Please make an exact copy of the lines from the one holding "拖動鼠標滾輪,還可以在不同分類的積木塊中切換" through the end of the data, both ends included, with no pictures.
[Opening DATA EXTRACT section]
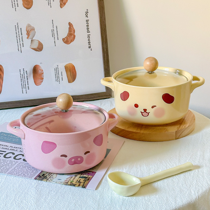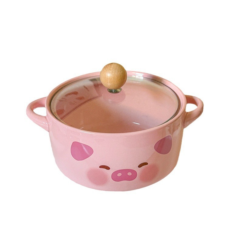 双耳面碗-粉色猪猪(带盖)+专属勺
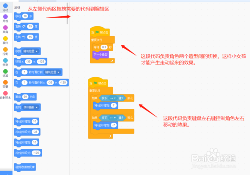 拖動鼠標滾輪,還可以在不同分類的積木塊中切換
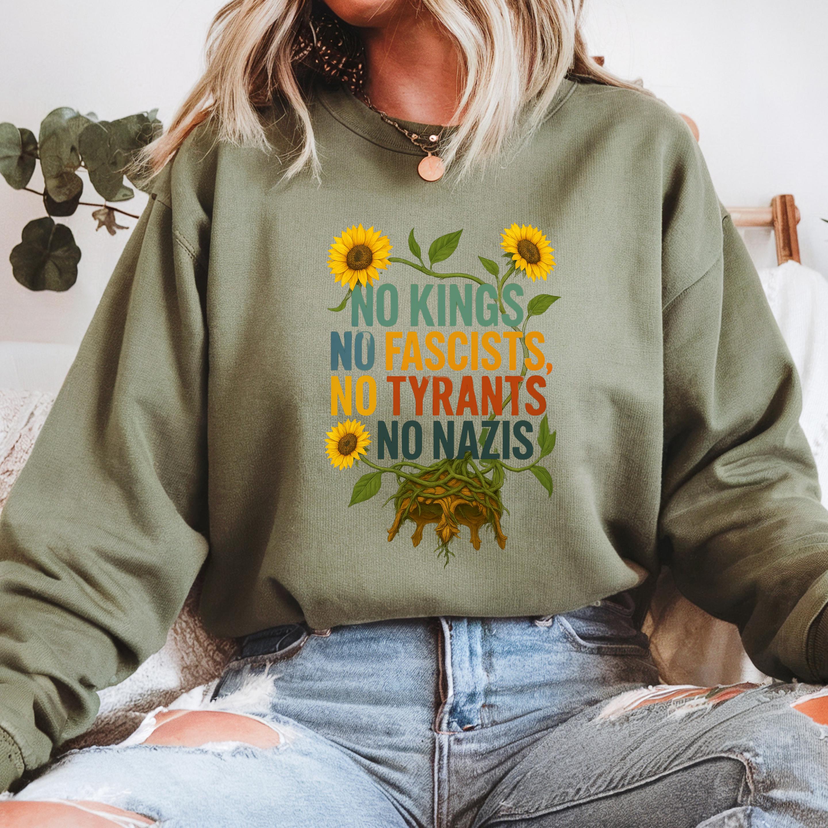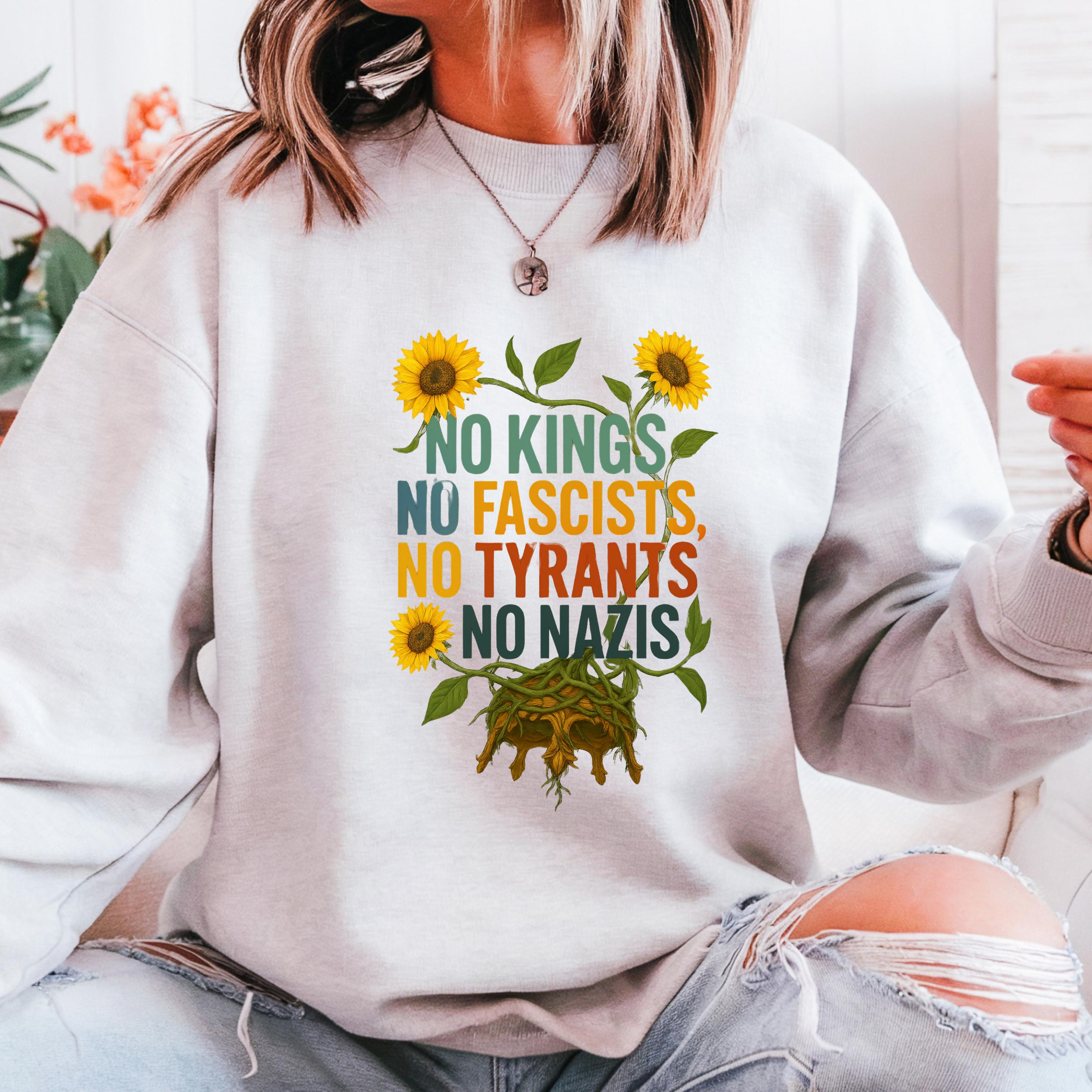 No Kings in America Sweatshirt: Floral Political Meme Hoodie, Social Justice T-shirt
[Closing DATA EXTRACT section]
* **RESPONSE AREA**
 拖動鼠標滾輪,還可以在不同分類的積木塊中切換
 No Kings in America Sweatshirt: Floral Political Meme Hoodie, Social Justice T-shirt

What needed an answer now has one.